• _Task statement_
With the pictures left out, copy the records below exactly from the first line down to the line holding "銚電メイクアッププロジェクト", and include that line.

• _Information supplied_
━━━━━━━━
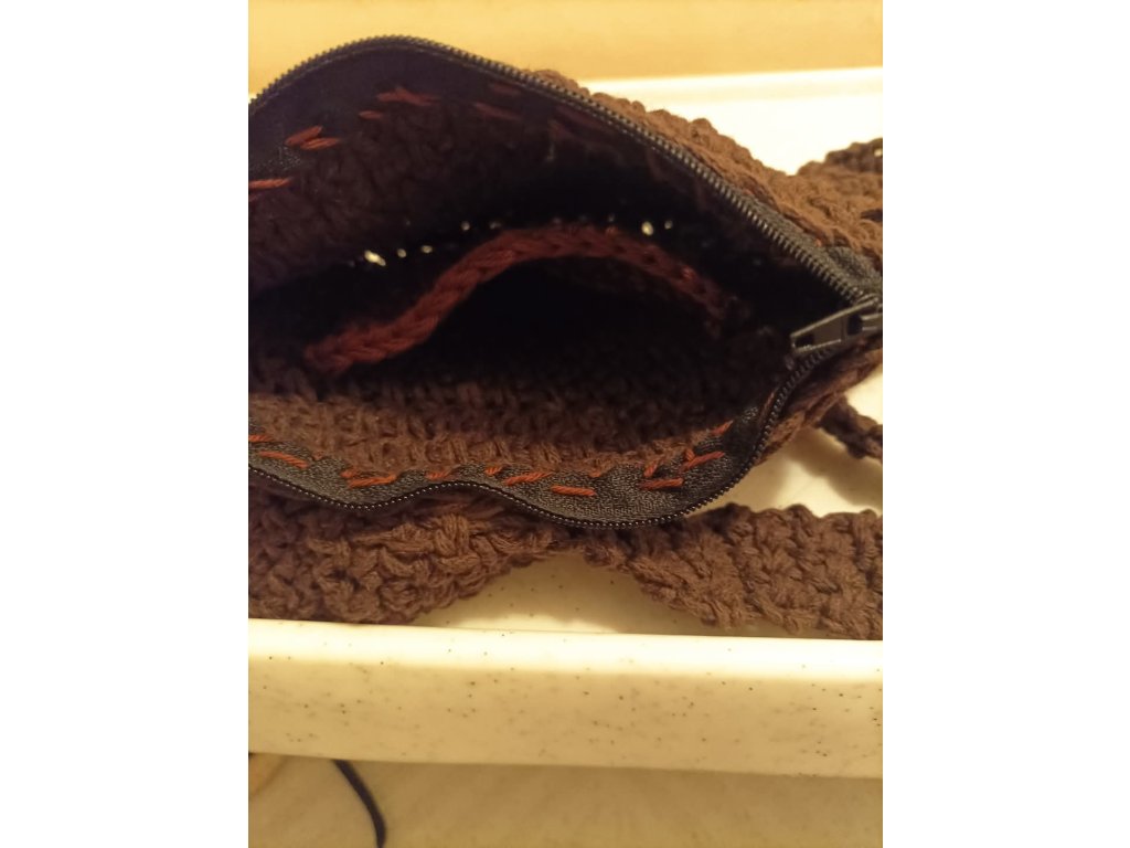 3.💼 Hnědá háčkovaná pánská kabelka z bavlněných šňůr - popruhy na karabince se dají odepnout a nahradit poutkem na ruku.Dá se nosit přes rameno,jako crossbody nebo v ruce.Má kapsičku na mobil a kapsičky na jiné potřebné maličkosti. Zapínání na zip,kapsa na mobil má zapínání na patentku.Praktický módní doplněk pro muže, oblíbený.
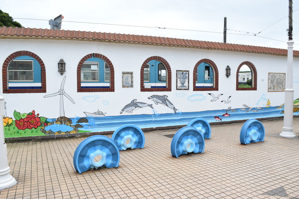 銚電メイクアッププロジェクト!の一環として犬吠駅駅舎の壁をペイントで綺麗にしました。
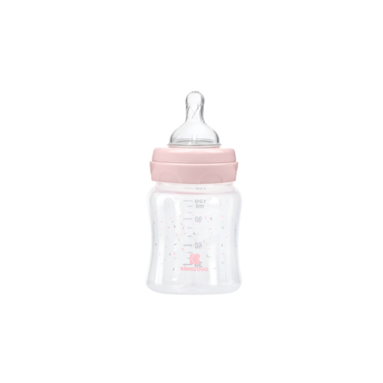 Kojenecká láhev KikkaBoo s krásným potiskem má antikolikovou silikonovou savičku a víčko pro bezpečné uzavření. Široké hrdlo usnadňuje čištění lahvičky. Složení: polypropylen, silikon Rozměry: 13,1 x 5,9 x 5,9 cm Objem: 120 ml Vhodné pro děti od narození.
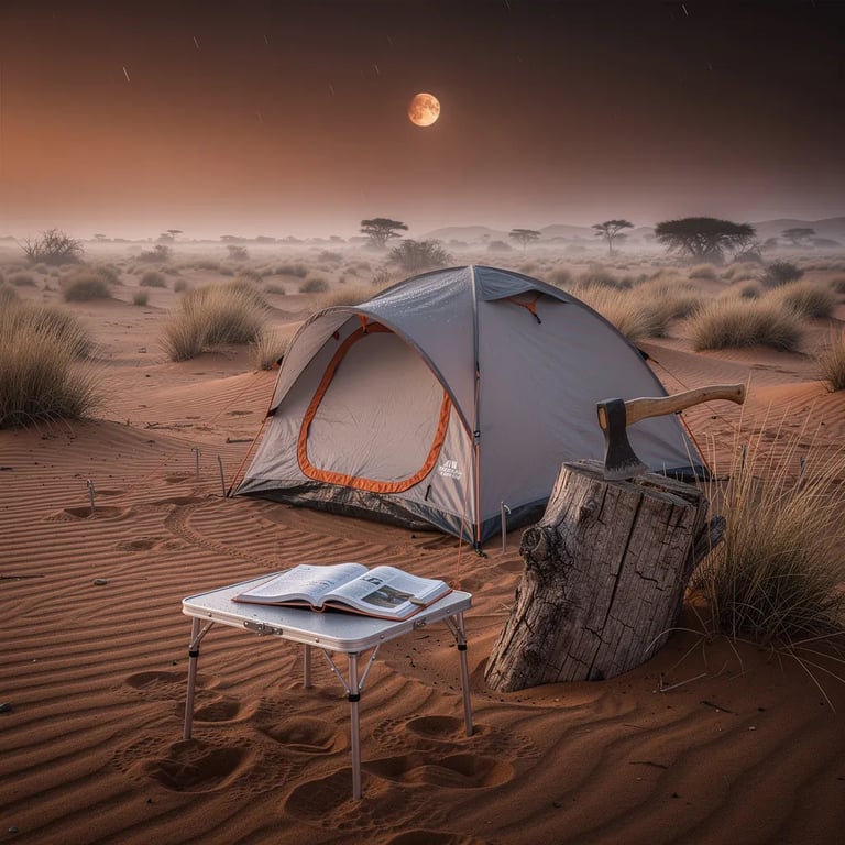 A grey-and-orange tent sits on firm sand in the Namib Desert, surrounded by dry dune grass and quiet fog. Above, a copper-colored moon hangs in the sky and makes the whole camp feel calm and strange. An old tree stump holds an axe, and a small table has an open book that looks damp with mist.
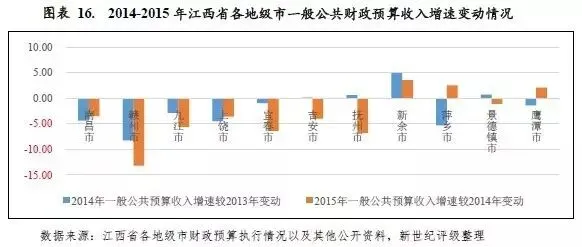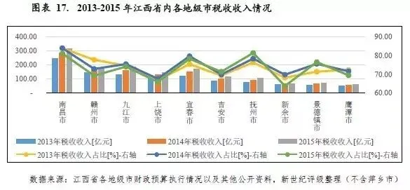 从增速看,受经济下行因素影响,近年来江西省经济和财政实力较强的地级市一般公共预算收入增速普遍呈下滑态势,但仍保持在较高水平。2015年南昌市一般公共预算收入增速为13.70%,较上年下降3.50个百分点。同期增速下降最为明显的为抚州市和宜春市,当年一般公共预算收入增速分别为9.00%和12.98%,较上年下降6.80和6.42个百分点。此外,经济发展程度较低的新余市、萍乡市和鹰潭市2015年一般公共预算增速保持增长状态,分别为9.90%、12.60%和13.10%,增速较上年分别增加3.50、2.50和2.10个百分点。
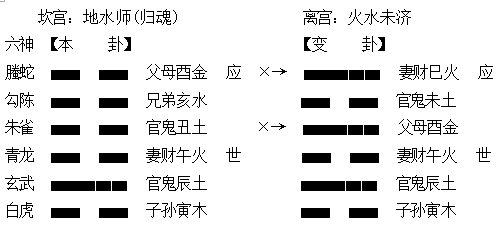 (5)古籍还记载有占疾病之法,注意此法之占有其独特之处,不是按六亲持世的信息昭示祸福,而是看卦象是否属于六冲卦,来断定病况趋势的好与坏。那什么是六冲卦呢?留意以下卦名:乾为天、坤为地,坎为水、离为火、艮为山、震为雷、巽为风、兑为泽、天雷无妄、雷天大壮,共此十卦叫做六冲卦,其余的都不是了。《增》书有曰:“占疾病者,若得六冲卦,近病可愈;久病难调,病人自占,若不得六冲之卦,一家俱可代占”。对于此占,我个人认为,当今医药昌明高效,既然身有疾患,应选择从医问药为最佳选择方式途径,所以此卜自占实际意义或已经不大,但因为此卜法允许亲人代占,用之于占问亲人病患安危参考,也可尝试一二,但千万不能用这个信息代替医生的诊断意见。
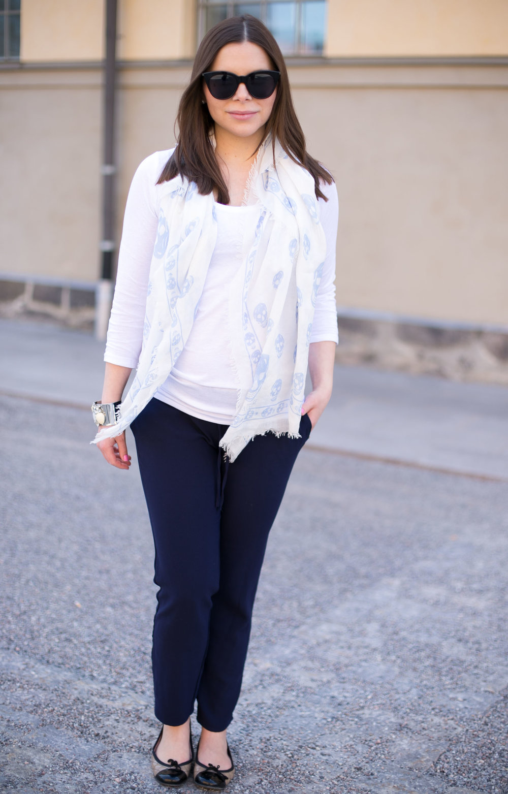 Igår promenerade jag runt i solskenet i en bekväm och basic outfit. Jag och Johan parkerade oss på KMK’s brygga med en kopp kaffe innan vi gick vidare ut på Djurgården och Rosendals trädgårdar. När jag har enkla basplagg adderar jag alltid en extra accessoar, som i det här fallet, en sjal från Alexander McQueen.
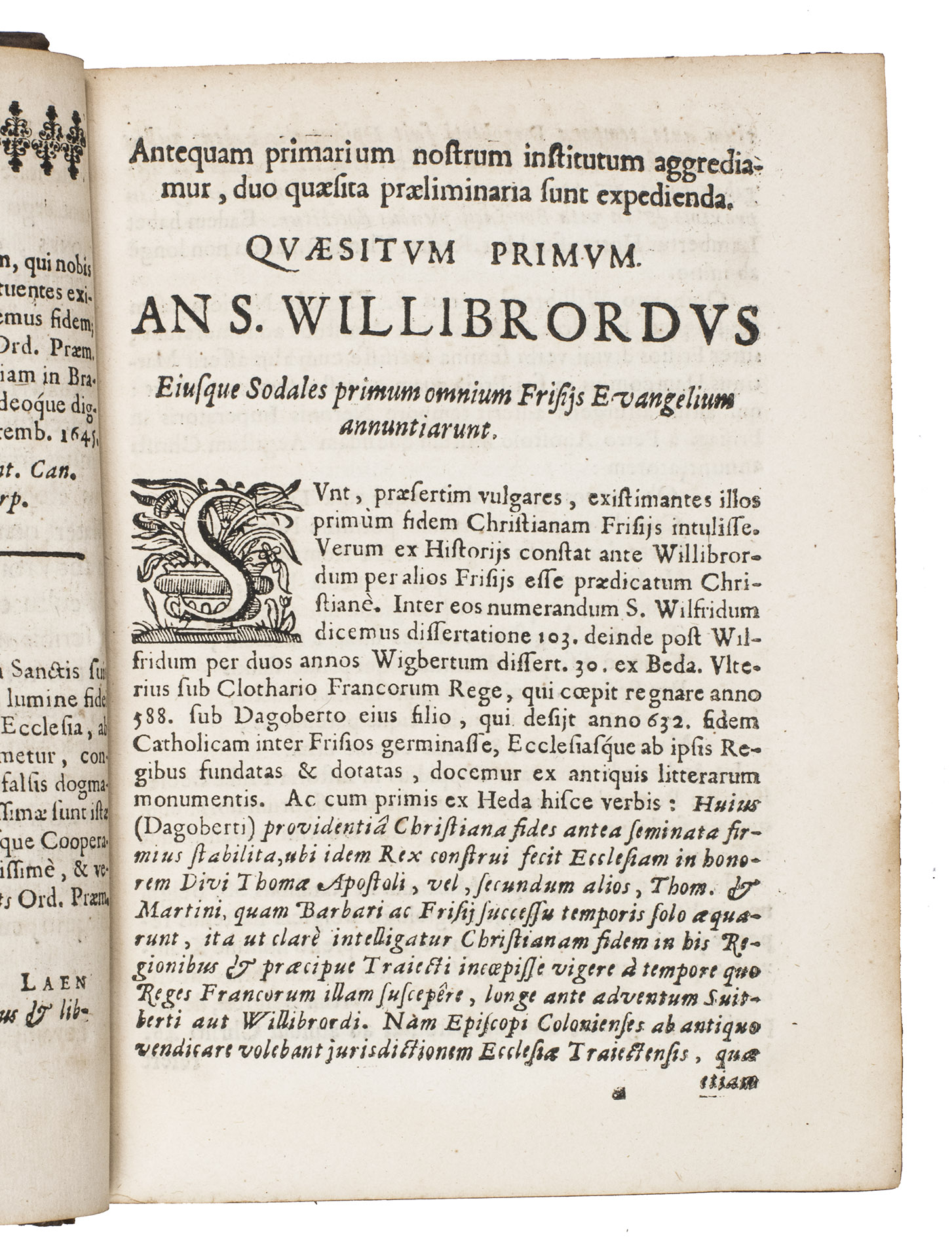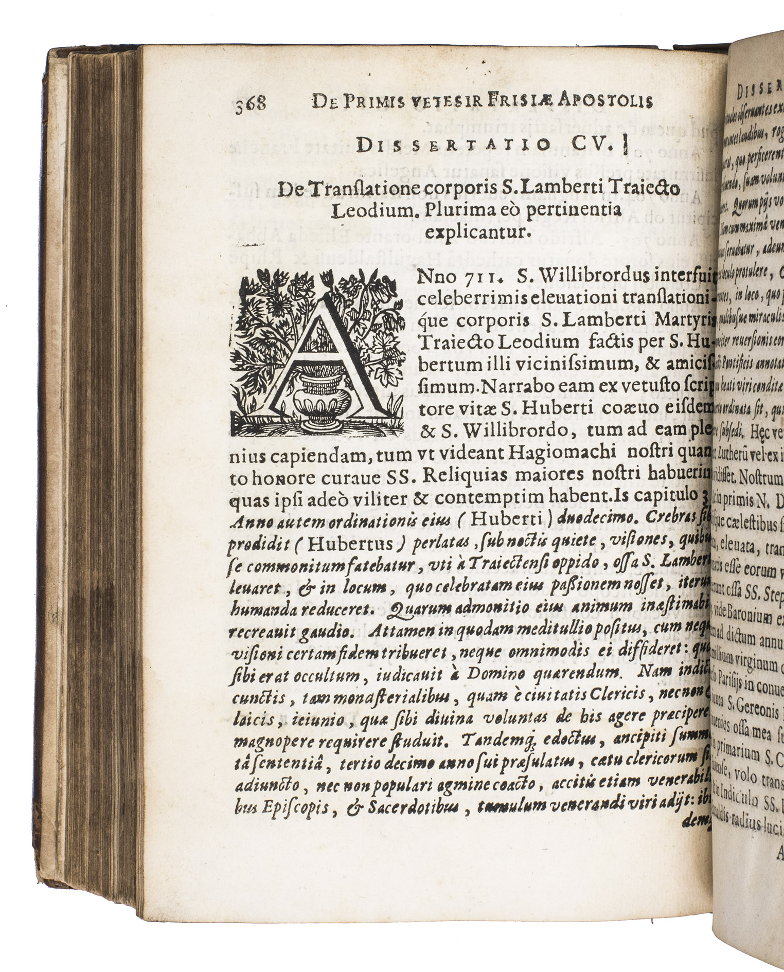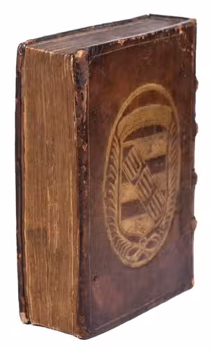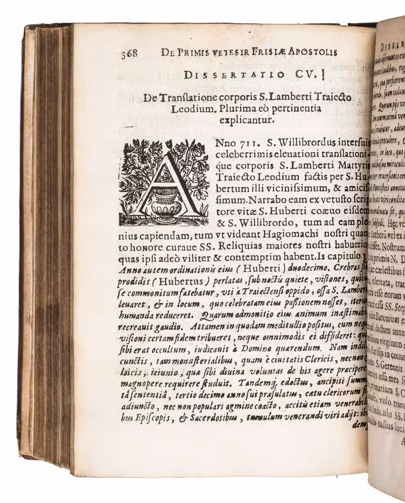 First and only edition on the life and work of the first Roman Catholic missionaries in Friesland, the Netherlands, in an unusual contemporary armorial binding, with the arms of Jean Baptiste Daneels (?-1659), the first Baron of Attenrode, Wever, and Corbeeck-over-Loo, in Flanders. The work was written by Willibrord Bosschaerts (1577-1657), a Premonstratensian monk at Tongerlo, and was the result of both profound scientific research and a shrewd mind, according to Knuttel. In the preliminaries a letter is present, addressed by Erycius Puteanus to the Abbot of Bosschaerts' monastery, and at the end a genealogy of the Bishops of Utrecht, parallel with a genealogy of the Counts of Holland, is added, together with a hymn to the author by Cornelius Musius, and some epigrams, by J. van Westerlaken. The work is rare on the market, as we have only been able to trace two other copies in sales records of the past hundred years.
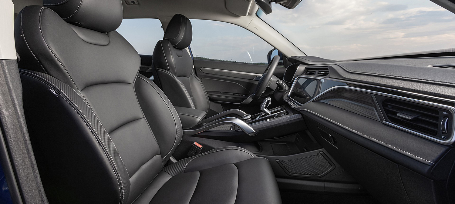 Интерьер02Внутри он выглядит роскошно. Без ложной скромности салон внешне лаконичного и даже брутального кроссовера по уровню дизайна, отделки и оснащения может соперничать с автомобилями более высокого класса. Его струящийся дизайн усиливает ощущение простора, качества и элегантности. Применены современные, дорогие материалы, искусно подобраны текстуры. Высококонтрастный 12,3-дюймовый сенсорный экран мультимедиа, огромная панорамная крыша площадью почти 1,2 кв. м и 42-цветная система атмосферной подсветки, меняющейся в соответствии с режимом вождения, создают приятную обстановку для водителя и пассажиров.
━━━━━━━━
• _Answer_
 3.💼 Hnědá háčkovaná pánská kabelka z bavlněných šňůr - popruhy na karabince se dají odepnout a nahradit poutkem na ruku.Dá se nosit přes rameno,jako crossbody nebo v ruce.Má kapsičku na mobil a kapsičky na jiné potřebné maličkosti. Zapínání na zip,kapsa na mobil má zapínání na patentku.Praktický módní doplněk pro muže, oblíbený.
 銚電メイクアッププロジェクト!の一環として犬吠駅駅舎の壁をペイントで綺麗にしました。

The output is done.